Оникс
Зурна
Сиротка-сирокко летит по пустыне,
Пески поднимая ввысь,
Тяжелых частиц наметая в низине,
А тонкие унеслись.
Сиротка-сирокко рыжеет от злости —
Таков для пустыни тон.
Едва пропускает насквозь лучи солнца,
Барханы несут урон.
Сиротка-сирокко оазис накроет,
Засыплет весь караван.
На месте жилища пронзительно воет,
И вырастает бархан.
Сиротка-сирокко уймется не скоро —
Приемыш в семье ветров.
Его воспитала пустыня сурово
И выкормила песком.
Зурна запоет заунывные суры,
Скрипит на зубах песок.
И воет истошно песчаная буря —
Назойливый голосок.
(04.05.06)
Груда роз
Груда вянущих роз на столе, где обедаю днем.
Лепестки, высыхая, дают Гринуэю сюжет.
Фантастичны оттенки под яркого солнца лучом.
Просвещенные люди, Гринуэй утверждал,
понимают, что бога нет.
А как хочется бога, как нужен советчик-отец,
Ясновидец, защитник в том мире жестоких людей.
Ах, как страшен конец, беспощадно жестокий конец —
Отодвинь его, верю в тебя, милосердный, спаси, пожалей.
Груда роз многоцветная стала бумажно суха.
Фантазийна идея их смерть на столе наблюдать —
Смена роз на кустах (и людей a propos) не плоха.
Как тепло, между тем, и какая стоит благодать!
(05.05.06)
Семейство вороновых
Грифов гоняет пара ворон —
Будто собаки вцепились в медведя,
Лают, за ляжки дерут. Напролом
Лезет зверюга прорваться сквозь сети.
Каркают птицы, как свора собак —
Грифы неспешно планируют мимо,
Будто не парой вороньей гонимы,
Будто так надо и хочется так.
Птицы опасны в брачный сезон.
Грифы рискуют немногим, но все же…
Их прогоняет пара ворон —
Как и в Москве – абсолютно похоже
На пешеходов бросалась одна
С карканьем лающим сильная птица.
Коль не поспеешь в момент уклониться,
Рваная ссадина нанесена.
Волос-писатель с них начинал,
Тем и запомнился – бирку повесили.
Самое умное птичье семейство —
Брат-орнитолог как-то сказал.
(06.05.06)
Мародер
Он не хозяин. Нет – он мародер,
Ворвавшийся в захваченный им город.
И в нем живущие – для мародера – сор,
Гонимый ветром. Слезы их – умора.
Он не хозяин.
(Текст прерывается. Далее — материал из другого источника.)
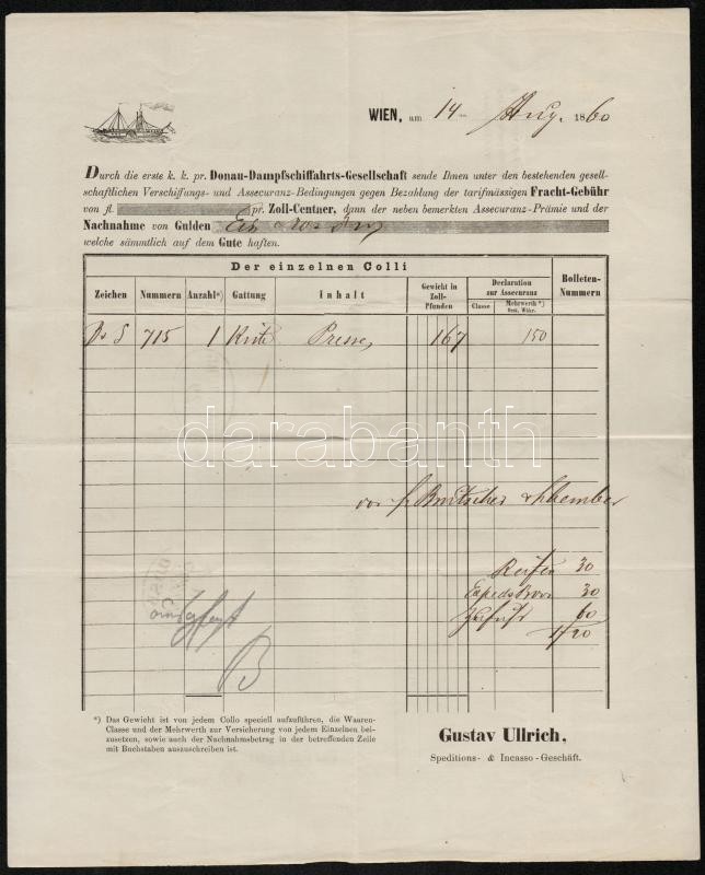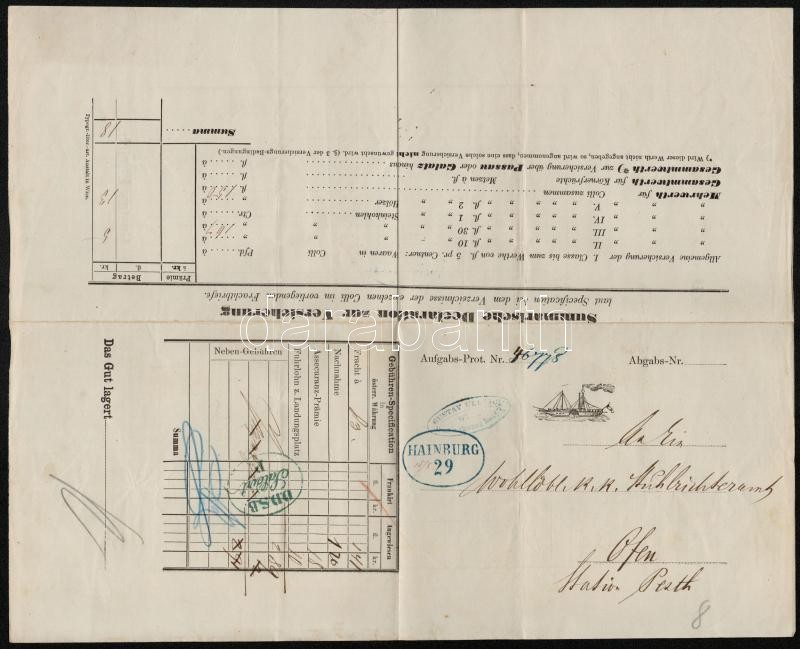 1860 DDSG fuvarlevél/ bil of lading ,,HAINBURG" - Ofen https://www.darabanth.com/hu/308-Gyorsarveres/308.0/Festmeny-mutargy-papirregiseg-egyeb/Okmanyok~16/1860-DDSG-fuvarlevel-bil-of-lading--HAINBURG--Ofen~II1670716

Нет – он мародер,
В другую жизнь ворвался и жирует.
Платите дань. Властитель, он пирует.
Несите жрать, он на расправу скор.
Он не хозяин. Нет – он мародер.
Ограбил души, осквернил, изгадил
Он стены дома. Ставит он запор —
Теперь он царь, и кто с ним сладит?
Он не хозяин. Нет – он мародер.
Вписался, впился, кровь сосет и – скромен.
Я не хозяин здесь, и каждый волен
Меня прогнать из дома – и на двор.
Он не хозяин. Нет – он мародер.
Он много лет за просто так устроен.
Штаны – за то и держат, как героя.
Альфонс-пиявка. Таковым и пер.
(07.05.06)
Превращения
Апельсиновых рощ аромат
Оглушает, влетая в открытые окна машины.
Под колеса летят, убегая куда-то назад,
Шелковистые нити новой дороги в долину.
Апельсиновых рощ аромат
Заполняет, лаская рецепторы носа и легких.
Вдох. И выдох не хочется делать. И тихое – ах!
Все качается шариком детским на елке.
Апельсиновых рощ аромат
Опьяняет, давая фантазии новые силы.
В апельсиновых рощах превращается в нимфу сивилла,
Проповедник – в сатира.
Абзац. И конец. Шах и мат.
(08.05.06)
Сквозь паутину лет
Прошло сто лет. Минутные друзья
Тропы туристов, промелькнув, исчезли.
В сверкании снегов плывет Башкирия,
В молчании лесов, свободе от болезней.
Снега… снега… И караван саней,
Пар от лошажьих спин, отчетливый под солнцем.
Костер дымит. И от походных щей
Носы воротят только инородцы.
И тишина… Сквозь паутину лет
Лишь скрип саней, да голос чей-то слабый
Ведет мелодию.
Охрипшей старой бабы
Неявственны слова.
И слушателей нет…
(10.05.06)
Музыкальная школа
Бесконечных ожиданий незатейливый сюжет
Межеумочных топтаний под дверями в кабинет.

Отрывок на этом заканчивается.